You see, my palate is pitched very high for sodium—I like to blame my years taste-testing everything from gravy to goulash at Cook’s Illustrated back in the day—and thus I’m a strong proponent of offering salt at the table. This puts me at odds with countless local chefs, who take umbrage that their creations might leave the kitchen lacking. The general consensus: A seasoned culinary pro should, well, season like a culinary pro.
“I don’t allow salt on the table because I don’t want to give diners an opportunity to ruin the flavors,” said one veteran, echoing the views of several I spoke to. I get that…to a point. I’m firmly in the chef-as-artist camp. I would never dream of asking for, say, more rosemary in my entrée. But here’s where I differ: If, as science tells us, salt functions as a flavor amplifier, maybe adding extra is less akin to demanding Picasso “bump up the magenta” than to slipping on eyeglasses to view the painting with sufficient clarity.

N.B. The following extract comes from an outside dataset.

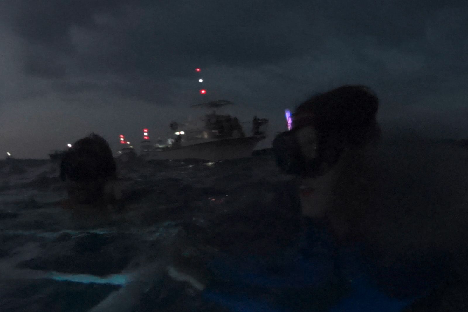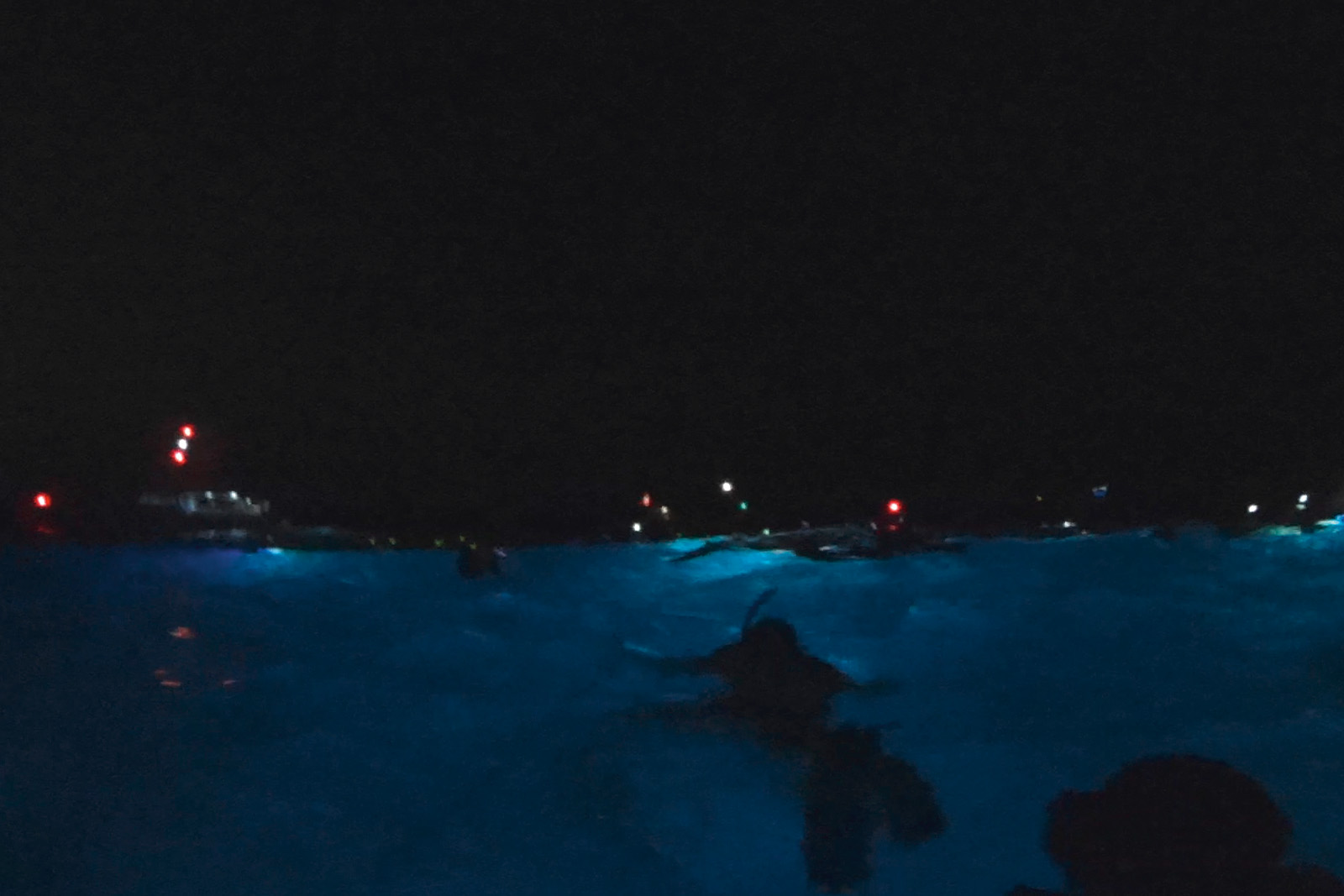 Wir kommen ins schwitzen. Also erstmal den Neopren-Anzug an, Leuchtstäbe am Schnorchel befestigen und ab ins Wasser. Ein umfunktioniertes Surfbrett mit Haltestangen aus dem Sanintärbedarf und Lampen dient als unsere Basis – die wir auch nicht verlassen dürfen. Es ist schließlich inzwischen stockdunkel.

Most chefs I interviewed said they’ll provide salt if asked, and as a confident diner, I have no qualms about doing so. But I suspect far more patrons in that situation simply leave underwhelmed rather than risk getting pegged as rubes. In that case, neither the diner nor the restaurant triumphs: It’s a lose-lose proposition, and all for ego’s sake. So the next time your veal tastes less than vivid, ask for the salt. Or better yet: Take a pinch from the dish the chef has thoughtfully provided right on the table.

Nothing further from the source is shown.